Fickle Sticklebacks

Perspective

on April 1, 2016
Featured in Answers Magazine

A little fish in Alaska is astonishing evolutionary researchers by its ability to adapt quickly after the state’s great earthquake of 1964. This designed adaptability supports creation theories about God’s design for animals to fill changing environments.

For decades, evolutionary biologists have touted members of this fish family, called sticklebacks, as an example of evolution in action, though they believed stickleback evolution required thousands of years of random change. Most stickleback species live in the ocean, but they are highly successful at populating waterways across the globe, and freshwater species are found in the lakes and rivers of North America, Europe, and Asia.

Sticklebacks have unusual spine-like spikes and armored plates instead of scales. The freshwater sticklebacks in rivers and lakes have few armor plates and seem to have descended from heavily plated ocean varieties. Evolutionary biologists believe they adapted from their saltwater ancestors gradually over thousands of years, after the glaciers receded and left behind bodies of freshwater on the northern continents.

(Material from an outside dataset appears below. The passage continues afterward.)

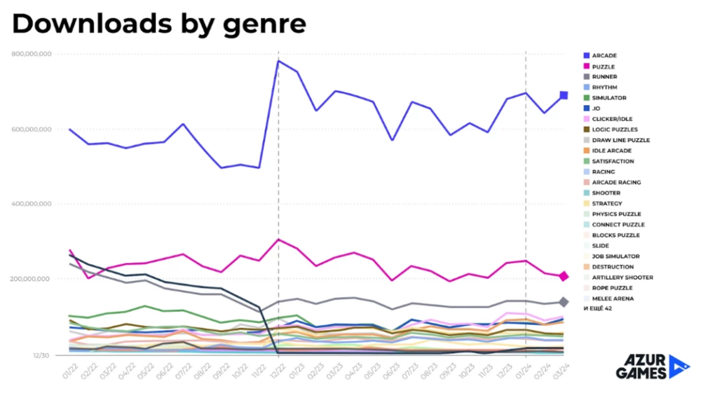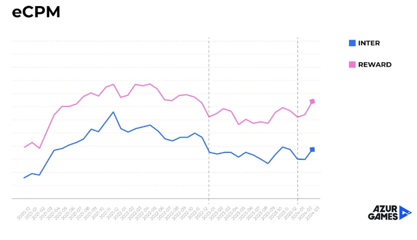 eCPM的情况也是类似,去年出现了明显的下滑。这是Azur Games内部的数据,虽然没有具体的数字指标,但展示了许多大型发行商大致的处境。eCPM是市场健康度的一个指标,因此它在2024年开头出现的增长令人鼓舞。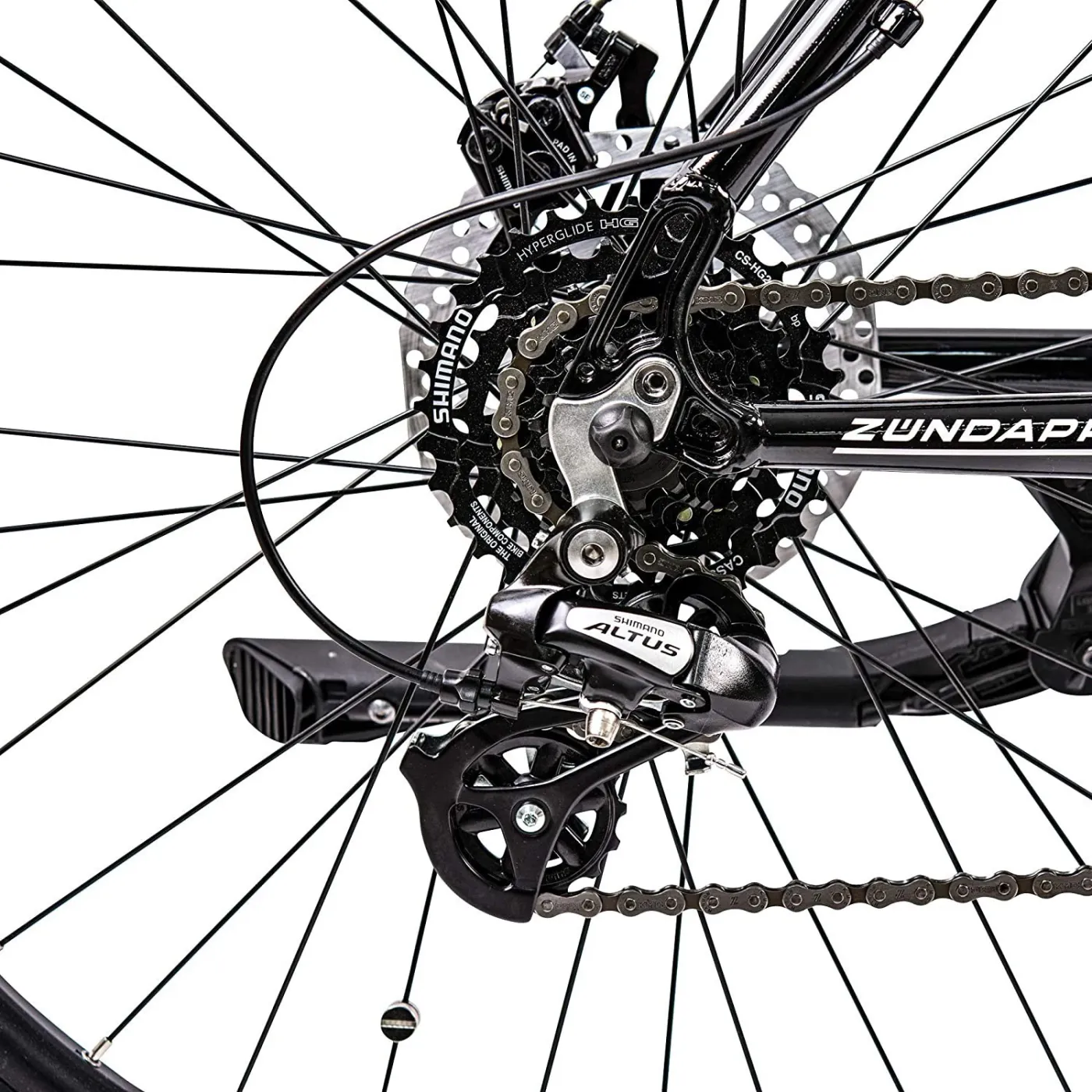 Oprócz elektrycznego Zündapp Z808 ma również napęd łańcuchowy z 7 biegami. Zainstalowana jest przerzutka tylna Shimano, która zapewnia precyzyjną zmianę biegów przy zmniejszonym zużyciu i niskim poziomie hałasu. Kaseta wyposażona jest w technologię HyperGlide, w której łańcuch płynnie ślizga się po zębatce. Skutkuje to mniejszym zużyciem, a procesy zmiany biegów stają się płynniejsze. Dźwignia zmiany biegów Shimano pozwala wygodnie wybierać biegi.

Creationists have argued, in contrast, that the original created kinds, or baramins, of fish diversified rapidly after the Flood into lots of species, by the Creator’s design. Most of that change took place in just a few centuries after the Flood, according to information already built into the fishes’ genes.

Stickleback

Jsatoshi | Dreamstime.com

A surprising report published in December 2015, however, supports the creationist idea that diversification can take place rapidly—even within a few years. In this study, biologists observed sticklebacks that were trapped in Alaskan ponds cut off from the ocean by the massive earthquake in 1964. When the salt filtered out of the ponds, the sticklebacks diversified into freshwater species within a few generations. The study also verified that no freshwater sticklebacks lived in the ponds during the earthquake, so the freshwater species must have descended from saltwater species trapped there during the earthquake.

The researchers were astonished by how rapidly change took place in these fish. Evolution can’t explain this by random changes and deaths over thousands of generations. They were also surprised that the new species looked very similar to freshwater species found in much older lakes created by retreating glaciers.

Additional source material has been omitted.